Brian Adams, our chief financial officer, who will provide our financial update on the second quarter, as well as our latest outlook for fiscal 2019. A quick glance at the numbers for first-quarter revenue was 76.3 million, representing 57% growth. Adjusted EBITDA was 13.7 million, representing 88% growth. Adjusted earnings per share was $0.35, representing 75% growth.

We had strong performance across all aspects of our business. We also had a strong pipeline, which Orsula will summarize for you shortly. Our main value proposition is by using our unique software identifying and mitigating simultaneous multi-drug interactions. Our MedWise software is grounded deeply in the science of pharmacokinetics, pharmacogenomics, pharmacodynamics and chronopharmacology, which we compile into a singular medication risk score from zero to 50 for each patient.

In addition to this personalization, we can run a cohort of patients from thousands to millions overnight and produce a histogram that depicts the medication risk scores on the X-axis and the number of patients on the Y-axis. Our data lake exceeds 100 million patients. Over the past year, we have grown our internal analytics department to more than a dozen advanced degree data mining analytics personnel. They have worked extensively with our Pace data sets and our CMS-sponsored Enhanced Medication Therapy Management data sets.

With both data sets we have access to complete pharmacotherapy information, including prescription, over-the-counter, recreational meds and drugs, as well as medical spending such as hospitalizations, ER visits, physician visits. I would like to share with you some of the information we have gleaned from these analytics regarding our CMS Enhanced Medication Therapy Management pilot. We reported on 2017 results this time last year. We have now received the 2018 results which are embargoed.

However, our analytics department also tracks our progress monthly that I will be reporting from the purview gleaned by our analytics departments, which is quite aligned with the embargoed results from CMS actuaries. The cohort to which we were signed each year was approximately 230,000 Part D patients. We risk stratified the group and identified approximately 35,000 patients who had a medication risk score above 14 on the zero to 50 scale. In 2017, we were able to conduct -- I'm sorry, consult with 15,000 patients of the 35,000.

In 2018 we were able to consult with 28,000 patient. A consult means one telephonic 30-minute medication risk review, and a second follow-up 15-minute telephone contact within 90 days. Prior to the telephonic contact, we prepare a medication safety review along with preliminary reports we subsequently send to the patient and to their selected quarterback prescriber. The telephonic contact time, again, is limited to 30 minutes to 40 minutes, and it is retrospective.

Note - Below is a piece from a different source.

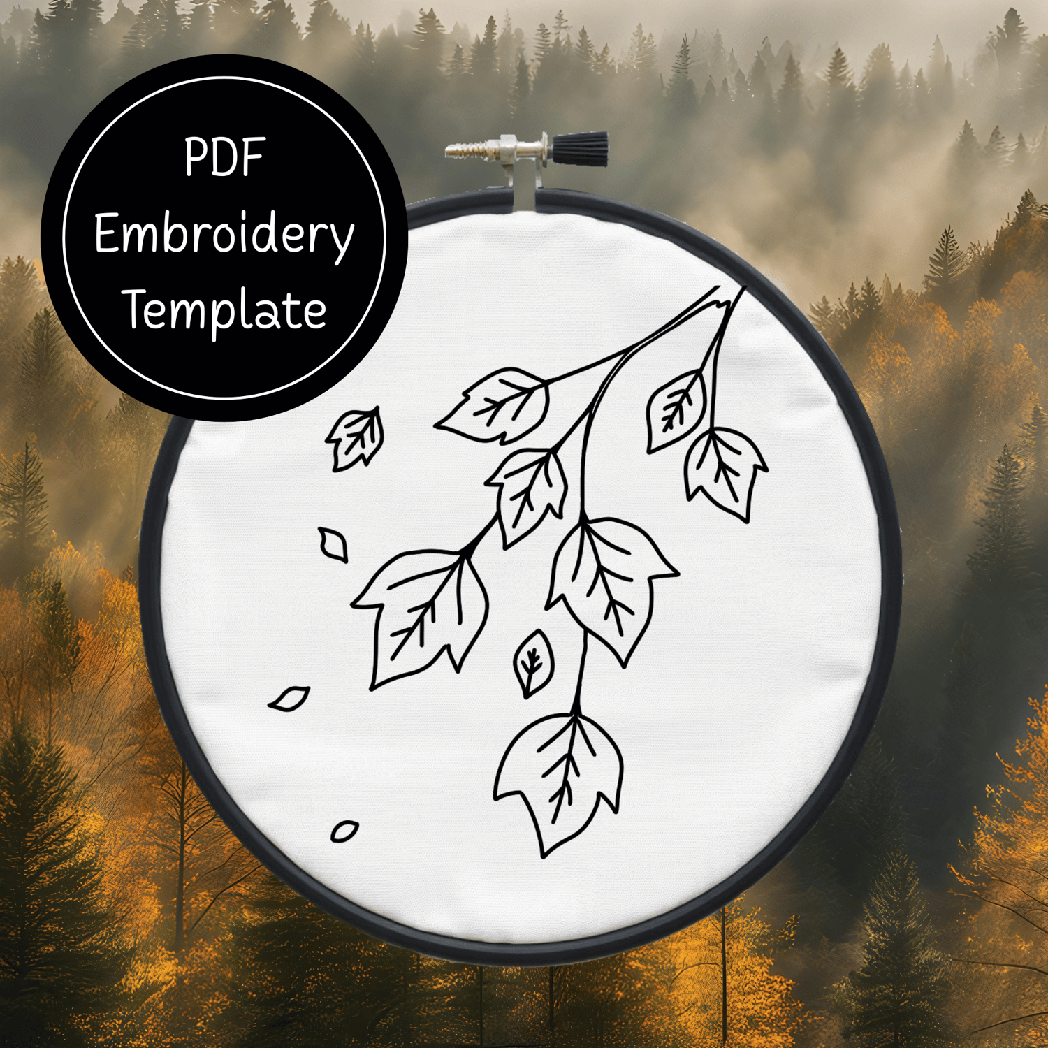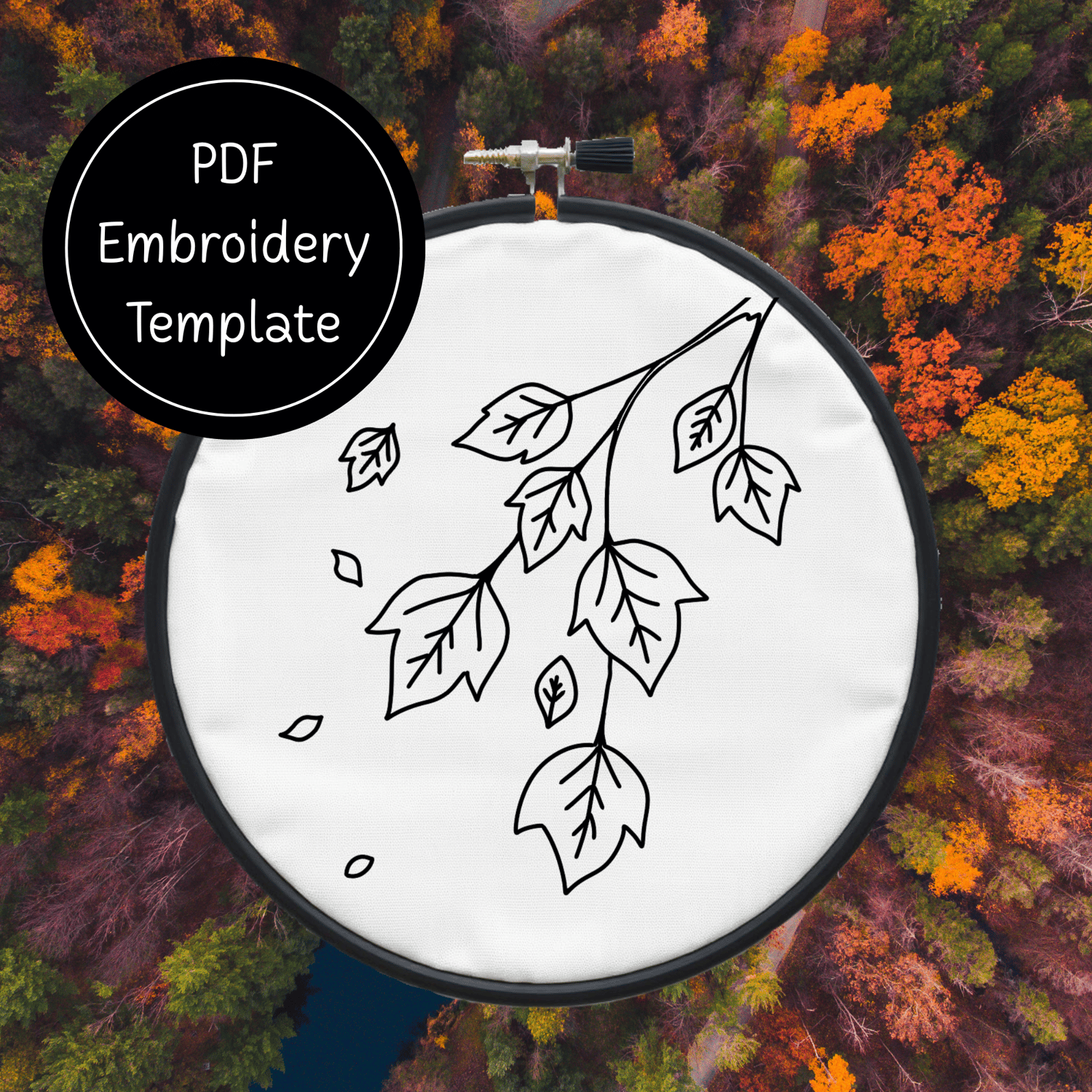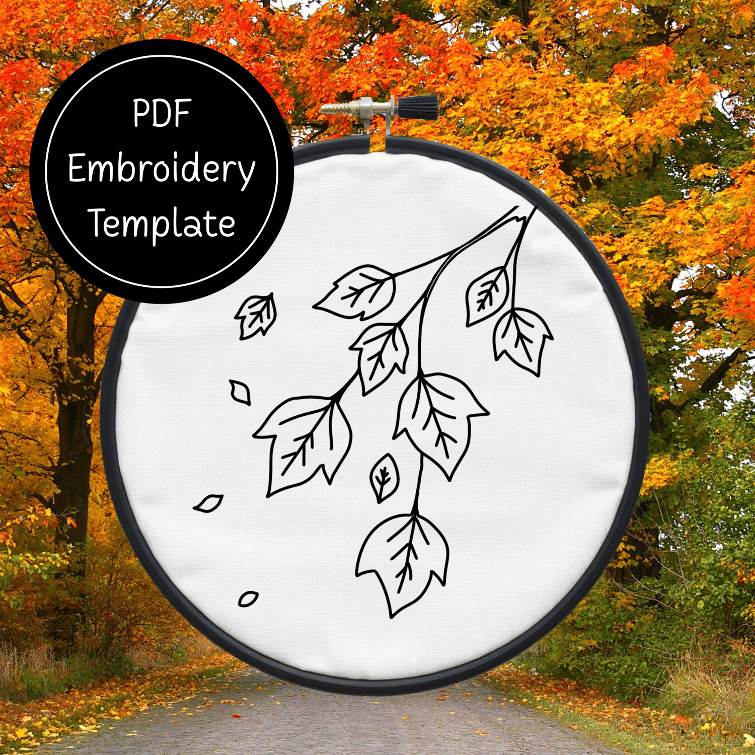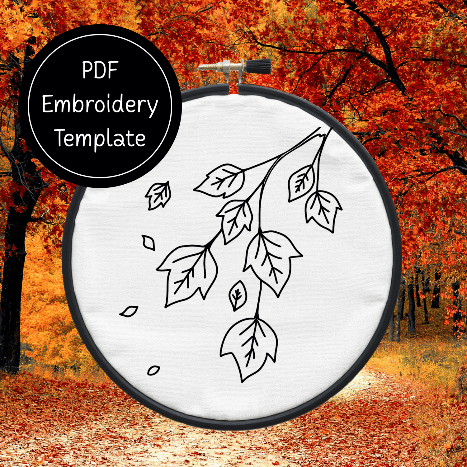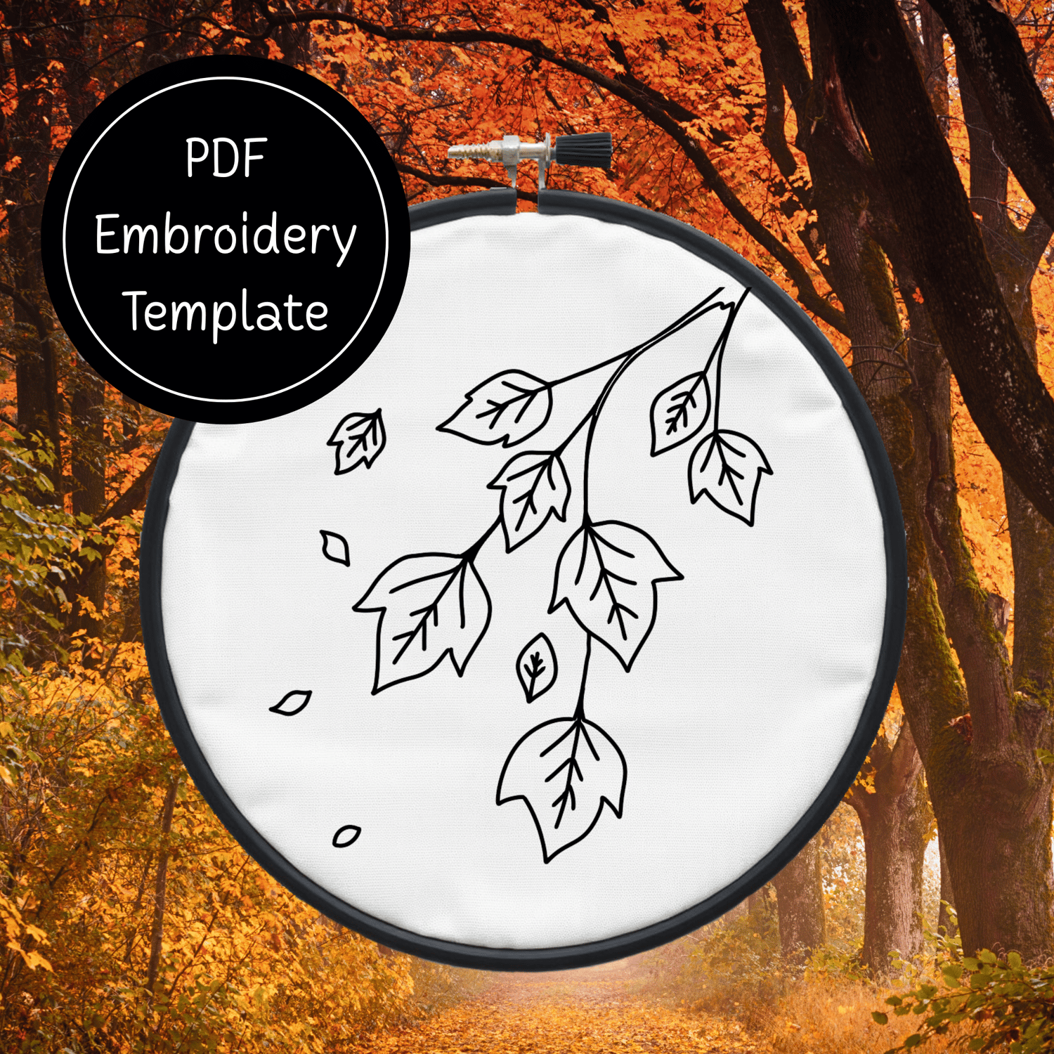 Fall Branch Hand Embroidery Template PDF - DIY Fall Design For Hand Stitching - Instant Download

In other words, they are already taking the medications. This contrasts with Pace where our contact is prospective prior to medication being filled and it is ongoing with a touch every month. So, even with that light touch, the first year of our MedWise platform and certified MedWise finances reduced medical spend by more than 2%, which was CMS' target after five years. Our analytics department determined that once again in 2018, our one-touch interventions also reduced medical spend by more than 2%.

This was attracted from patients we consulted only in 2018 and not duplicated patients from 2017. To switch gears a bit, we then looked at the almost 200,000 patients for whom we did not intervene. These were those with the medication risk score below 14. That is they were less at risk for an adverse drug event compared to our intervention cohort, who had medication risk scores of 14 or higher.

So these patients have not been touched by our MedWise certified pharmacies, yet even at the lower medication risk, what we found was most interesting, shocking, and concerning. We ask three questions of the data. First, is there a relationship between adverse drug events and hospitalizations in this lower medication risk cohort? Second, is there a relationship between adverse drug events and medical expenditures? And third, does MedWise risk score correlate with hospitalization rate and if so, how? The surprising results. First, is there a relationship between the reported adverse drug events and hospitalizatiions in the lower medication risk cohort? The answer is, yes.

One of them where reported adverse drug events correlates with the 3.8 times greater annual admission rate and 3.5 times greater overall medical spend per month. Second, is the relationship between adverse drug events and medical expenditures in this lower medication risk score cohort? Again, the answer is, yes. Members with the reported adverse drug event had an increase in 12-month average total additional medical cost of $18,025 compared with members without reported adverse drug event. To answer the third question, so if the MedWise risk would correlate with hospitalization rate and if so how? For this analyst, we started the entire cohort that is almost 240,000 patients.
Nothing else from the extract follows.